Official website: https://zhaotutu.xyz
Contents
- Install and First Launch
- Quick Start
- Hardware and Model Guidance
- Interface Overview
- Training Dashboard
- Dataset Management
- Base Model Management
- FAQ
- Practical Tips
- Appendix
Install and First Launch
Download the latest Windows installer from the official website:
https://zhaotutu.xyz
Use the official website or clearly announced official channels only. Avoid repackaged installers, modified scripts, and marketplace resales.
Install
- Download the latest TutuTrainer installer.
- Run the installer.
- If Windows asks for WebView2 Runtime, install it.
- If Windows reports missing runtime DLL files, install the Microsoft Visual C++ Redistributable.
- Launch TutuTrainer after installation finishes.
First Launch
- Double-click the TutuTrainer shortcut or
TutuTrainer.exe. - Wait for the interface to load. First launch can take 30 to 60 seconds.
- Check the resource monitor area to confirm that your NVIDIA GPU is visible.
- Configure paths before starting the first training run.
Quick Start
Use this section to run a first LoRA training job. Detailed explanations for each page are covered later in the guide.
Step 1: Configure Paths
- Open the training dashboard.
- Click the path settings button in the lower-right area of the dashboard.
- Configure the dataset folder, model folder, and training output folder.
- Save the path settings.

Step 2: Prepare a Dataset
Most users start with a prepared dataset. You can use either method:
Method A: Use an existing dataset folder
- Open the dataset folder configured in path settings.
- Copy or move your prepared dataset folder into that dataset folder.
- Keep one folder per dataset.
- Make sure the images and matching
.txtcaptions are inside that dataset folder. - Return to TutuTrainer, open Dataset Management, and click refresh if the dataset does not appear.
Method B: Create a dataset in TutuTrainer
- Open Dataset Management from the top navigation.
- Create a new dataset with a clear name.

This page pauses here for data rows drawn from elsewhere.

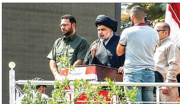
Iraqi Shi'ite cleric Moqtada al-Sadr speaks during a protest against corruption at Tahrir Square in Baghdad, on 15 July 2016.

The Mahdi Army was disbanded in 2008, replaced by the Peace Brigades, which helped push back Islamic State from near Baghdad in 2014 under a government-run umbrella, and maintains a presence in the capital and several other cities. Sadr, who commands the loyalty of tens of thousands of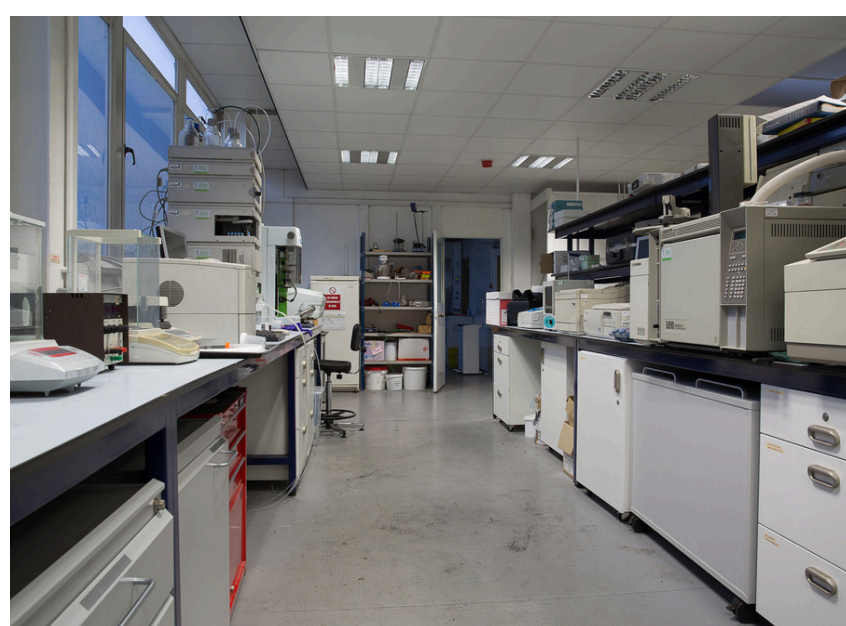
ANCILLARY TOOL ROOMS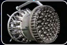
Replacement Flare Tips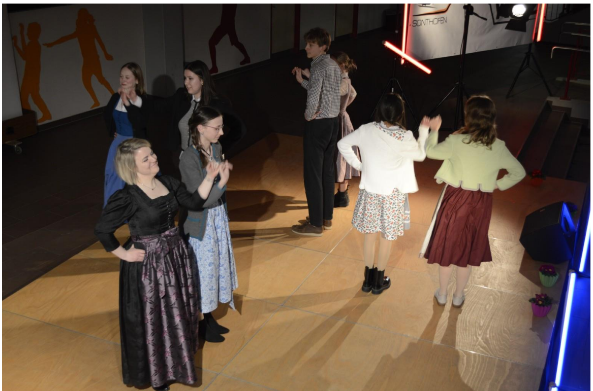
Another nice dance was presented by the delegation of Rosenheim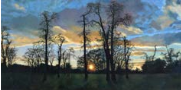
Best of Show Twilight with Broken Trees by Maria Morales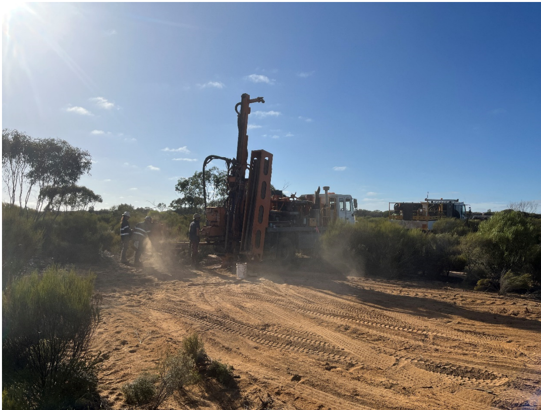
Figure 3. KTE Mining Aircore rig drilling at Koolya Kaolin Project.

This announcement has been authorised for release by the Directors of the Company.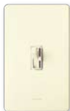
LA Light Almond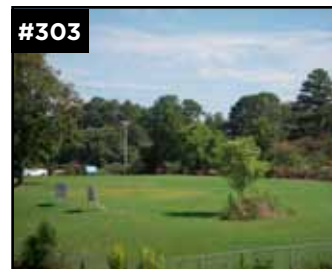
#303 1st and 2nd Ave SW, Cullman Lot #1. Zoned Commercial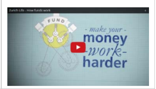
How savings & investments works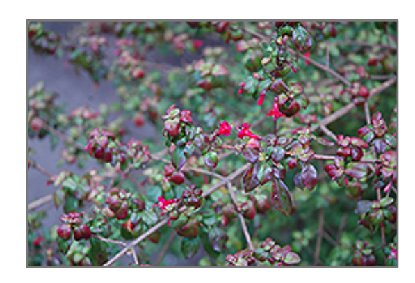
Small Leaf Fuchsia flowers

A fine fuchsia variety featuring dainty white nodding flowers that may show a pink flush; small bright green leaves give a finer texture; very attractive to hummingbirds; a dense self supporting round shrub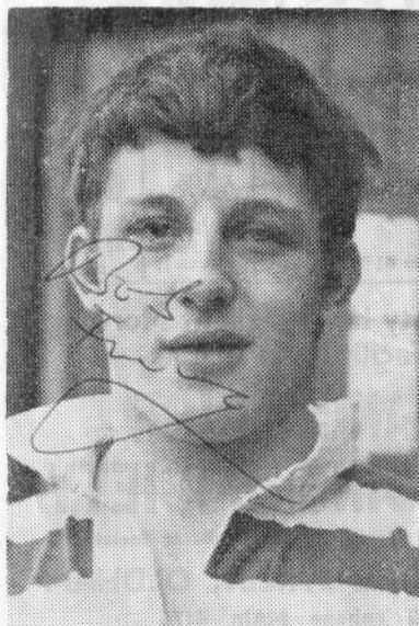
Meet the Players — No. 11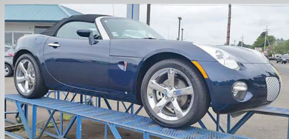
2006 Pontiac Solstice Convertible, low miles. #P11015B Was $14,500 Now $13,790!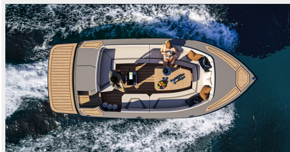
AS 18 - BIRD VIEW - TABLE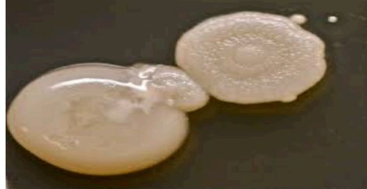
Unknown Organism D

No reaction when threatened Decay starts after 1 day No evidence of reproduction Waste products in medium found No life cycle apparent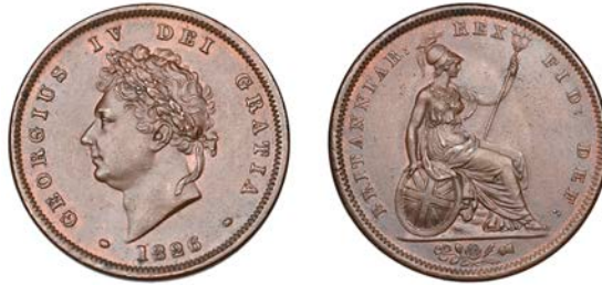
356 Penny, 1826, rev. A (BMC 1422; S 3823). Extremely fine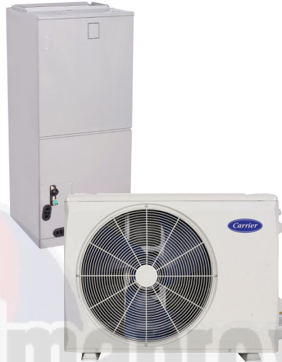
MODEL 38MURA HEAT PUMP with 40MUAA AIR HANDLER

Carrier was the first to offer systems with Puron® refrigerant, which does not contribute to ozone depletion. By replacing an older, less efficient horizontal heat pump with a Performance Series system, you could reduce your energy use and environmental impact.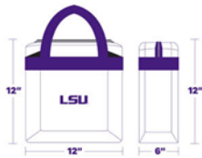
CLEAR TOTE Plastic, Vinyl, or PVC and no larger than 12" x 6" x 12"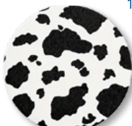
WSCO2 Rubber Cow Print Coaster 3.5" $1.98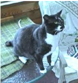
Ken, fully recovered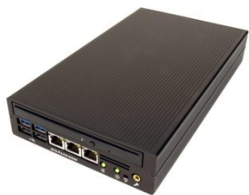
LPC-480G4M Front View

- Enter the dataset detail page.
- Add image files to the dataset.
- Write or import captions for the images.

Each training image should have a matching .txt caption file. For batch captioning, use Tutu Super Smart Tagger to generate and review captions before training.

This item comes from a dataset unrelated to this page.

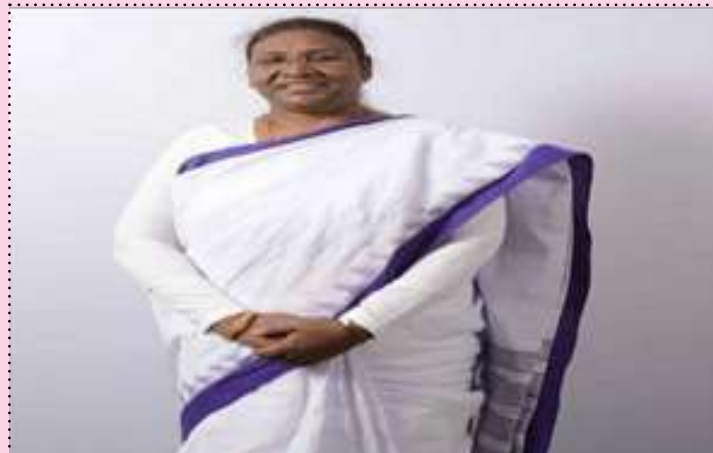
President Smt Droupadi Murmu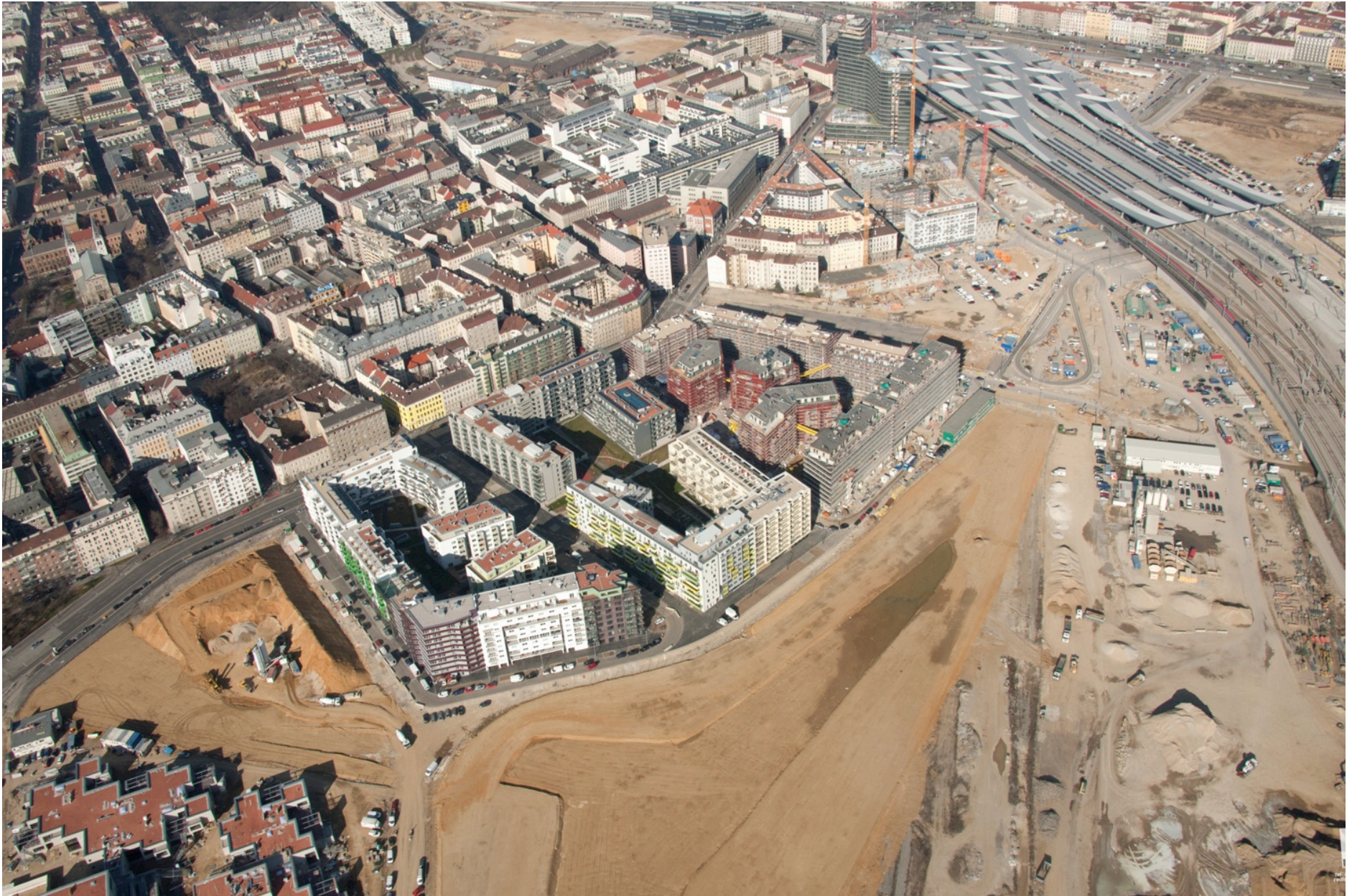
Sonnwendviertel neighbourhood at Hauptbahnhof

Step 3: Configure and Start Training
- Return to the Training Dashboard.
- Choose the training type.
- Choose the model architecture.
- Choose the model source: automatic download, local model, or custom model.
- Select the target dataset from the dataset dropdown.
- Optionally configure sample prompts.
- Click the start training button.
TutuTrainer calculates recommended training settings automatically based on the selected model, dataset, and available hardware. Normal users do not need to manually tune advanced parameters for a first run.
Step 4: Review Results
During training, watch job progress, resource usage, samples, and logs.




When the run is complete:
- Open the model output area.
- Review the generated
.safetensorsfiles. - Check the sample images and logs.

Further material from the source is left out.